Smithsonian Magazine, in its more than 40 years of existence, has rarely been of interest to us foodies. Sure it's always full of nifty inventions, complicated science and fascinating history, but food was never on its front burner.
That all changed this June.
The first-ever Smithsonian Magazine Food Issue was published (insert squeal of delight here), with 11 fascinating, informative historical and scientific stories just for us foodies. The magazine was first published in 1970 with the goal of "[stirring] curiosity in already receptive minds."
In keeping with the Smithsonian's goal of dealing with history that is relevant to the present, what has more historical value in the food world than salt and chicken? So it's no wonder there are two great stories on these subjects, with an egg sidebar.

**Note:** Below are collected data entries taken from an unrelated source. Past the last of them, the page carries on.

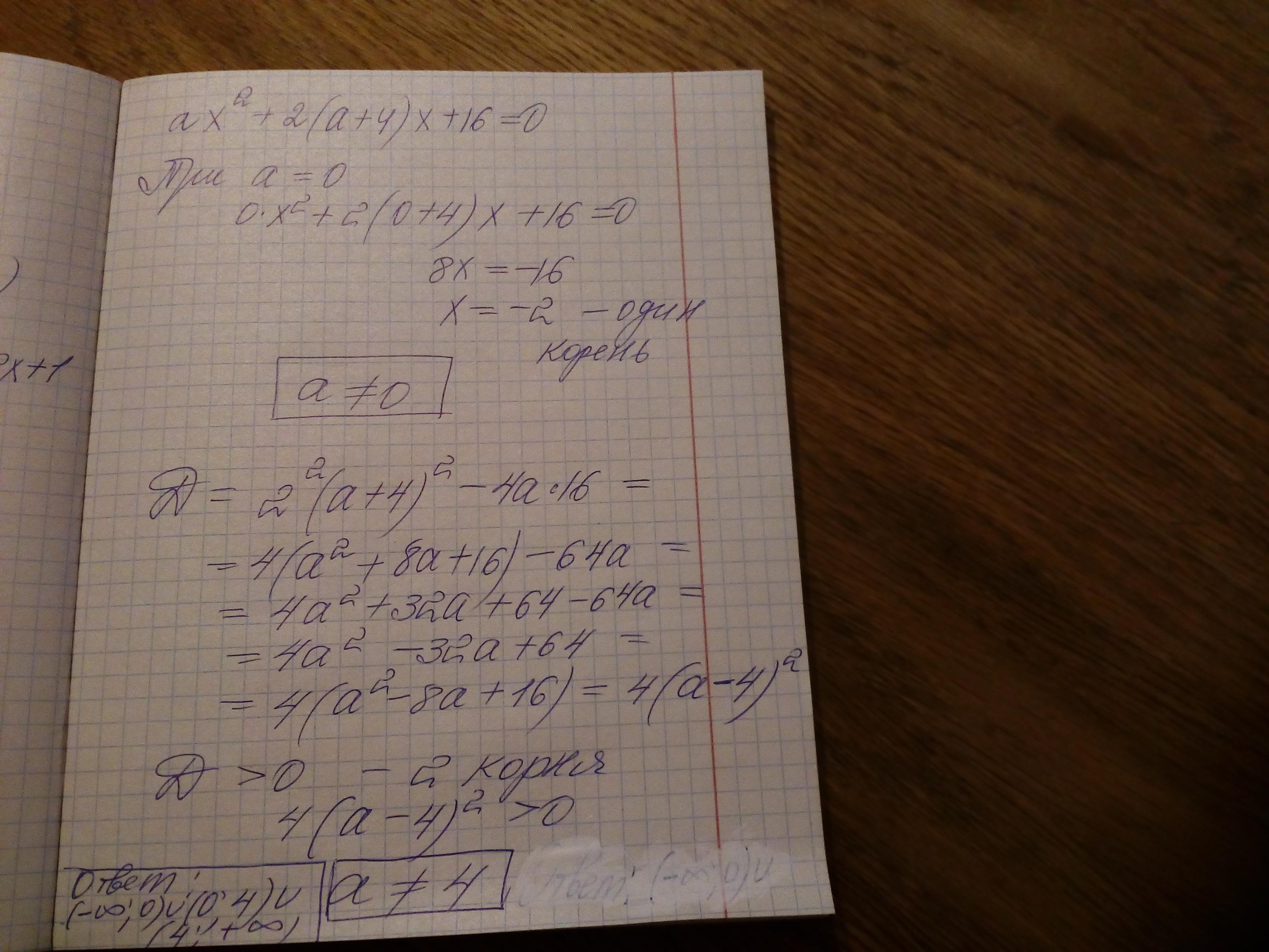 При каких значениях параметра a уравнение ax^2+2(a+4)x+16=0 имеет два различный корня?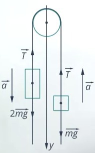 2mg(модуль) + Т(модуль) = 2ma(модуль)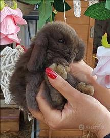 Bellissimo coniglietto con papà minilop e mamma ariete nano, colorazione cioccolato, ha 2mesi, viene ceduto con libretto sanitario, trattamento anticoccidi, vaccino annuale tutto compreso nel prezzo. Se interessati contattatemi. Allevamento amatoriale con conigli felici e ben socializzati abituati a vivere liberi in casa e in giardino.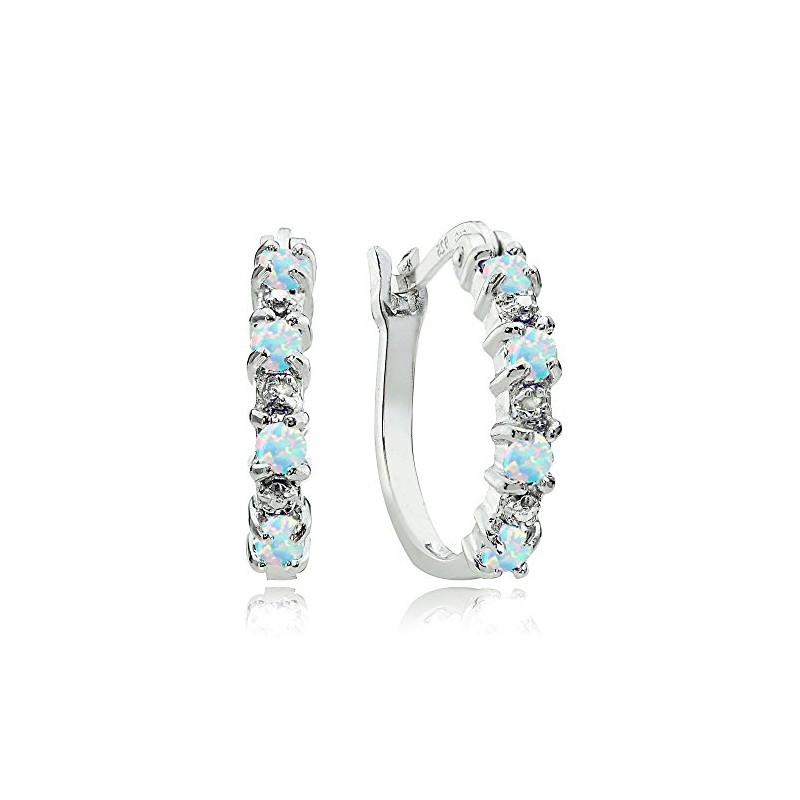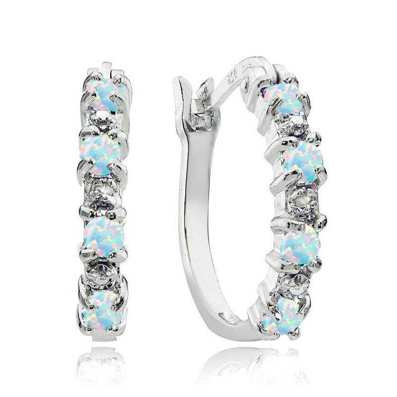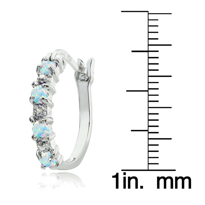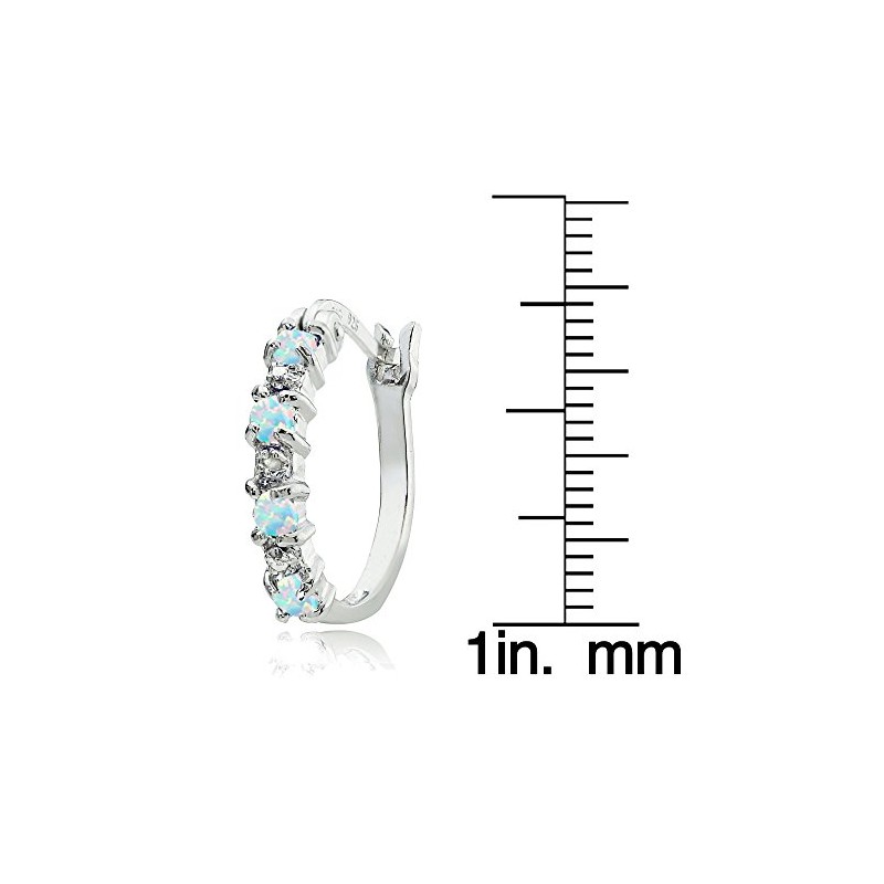 925 Sterling Silver Synthetic White Opal Small Round Hoop Earrings for Women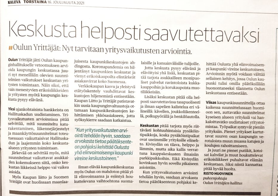 Oulun Yrittäjät jätti Oulun kaupunginhallitukselle vetoomuksen arvioida kaupungin keskustassa juuri nyt meneillään olevien suunnitelmien vaikutukset keskustan yritysten toimintaan. Näin siksi, että vain menestyvien erikoisliikkeiden ja yritysten myötä kaupungin keskusta pysyy elävänä.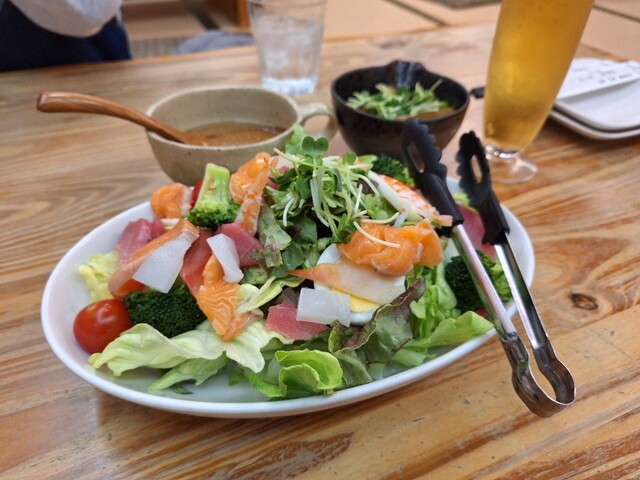 よくシェフの気まぐれサラダってありますけど、和食亭かどいさんのサラダは海鮮がいっぱい入ってて、板さんにはずっと気まぐてて欲しいわと思うくらいです。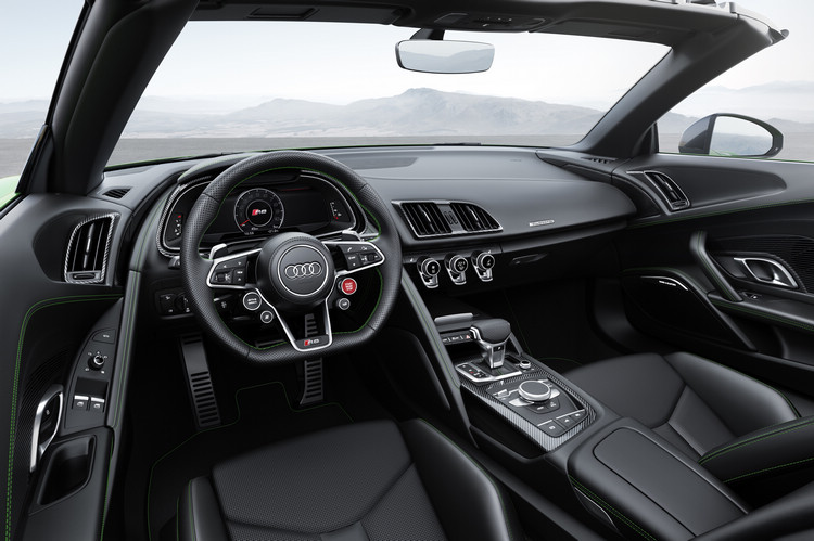 ![]() 由於標配一體成型座椅、鍛造輪圈、碳纖陶瓷煞車系統等緣故,R8 Spyder V10 plus比起一般版本的R8 Spyder重量更輕25kg,淨重只有1695 kg。車內配置12.3吋虛擬駕駛座艙以及MMI導航資訊娛樂系統等標準配備。R8 Spyder V10 plus同時也可選擇專屬的「蜘蛛綠」車色套件,除了外觀烤漆顏色之外,氣氛燈和縫線都施以鮮艷的綠色作為搭配,相當搶眼。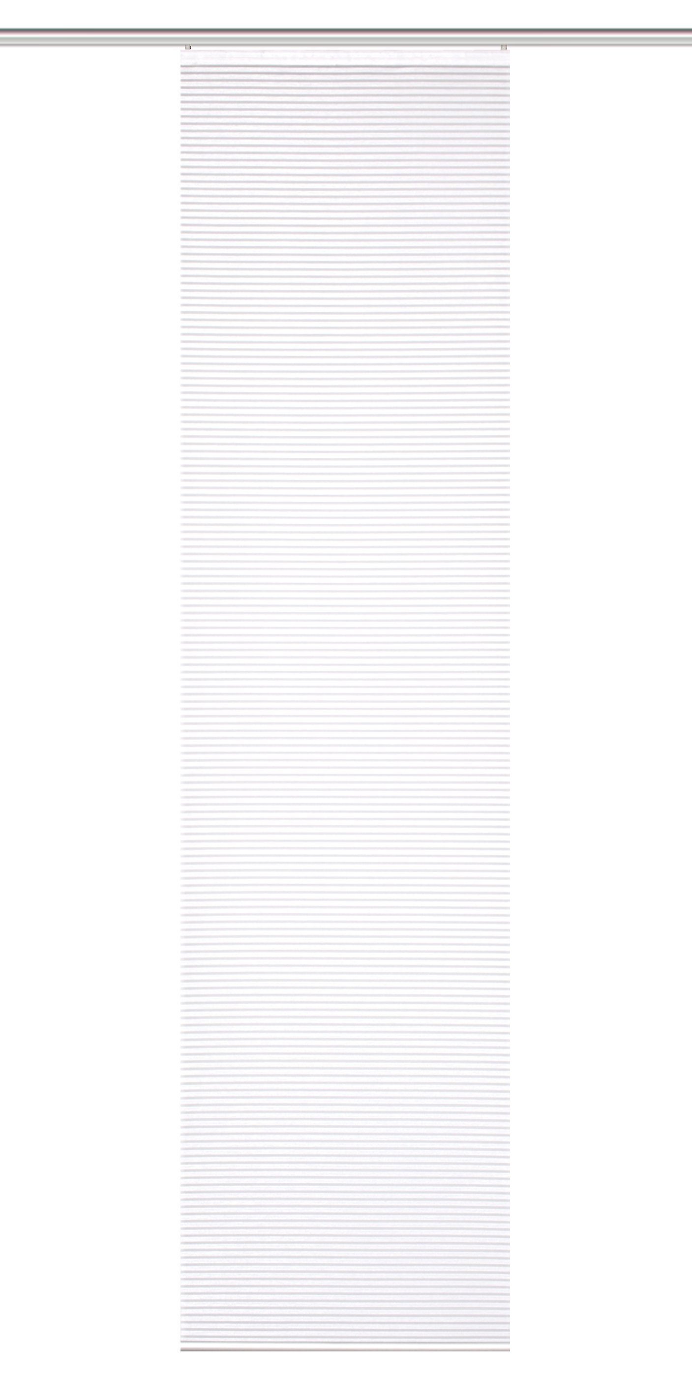 Jede Stoffbahn ist 245 cm hoch und 60 cm breit. Sie können die Höhe ganz leicht selbst auf Ihre Wunschhöhe kürzen. Die Seiten sind lasergeschnitten, was ein Ausfransen - auch nach dem Kürzen oder Waschen verhindert. Zum Lieferumfang gehören ein Paneelwagen (60 cm breite Gleitschiene, die in Ihre Gardinenschiene* geschoben wird), eine Alu-Klemmschiene unten sowie kleines Zubehör.

When deciding to do a food issue, the editor thought, "though we aren't a food magazine, we've found that the subject is one of the best ways to talk about food culture and identity. When you come back from a trip, one of the first questions friends ask you is, 'How was the food?' Meaning not just 'Did you eat well?' but how did it reflect the place it was made, the history and the terroir? As the world becomes more homogenized, food is one of the last and most important artifacts of authenticity. We are, in so many senses, what we eat."
And it only took the magazine for smarties 40 years to figure out what every farmer, home cook, chef, food writer, food scientist and food manufacturer has known for centuries. Home is where the food is, and food tells us where home is.
There is also a great article on Julia Child by Ruth Reichl. Child's kitchen is in the Smithsonian, and it will be the centerpiece of a new exhibition called "Food: Transforming the American Table," which will open Fall 2012. The article looks at Child from a different perspective -- as a woman of her times, a novice cook whose grandest achievement was her long-lasting marriage.
Equally important are the stories about salt, chicken, gumbo, oysters and whether technology can save breakfast. This issue was planned and put together with the help of Jonathan Gold, the Pulitzer Prize-winning food critic from LA.
If you love food, eat food, grow food, cook food, write about food or like to read about food, you must get this issue of the magazine. It is the first annual, and I look forward to many more years of the Smithsonian giving us foodies our due.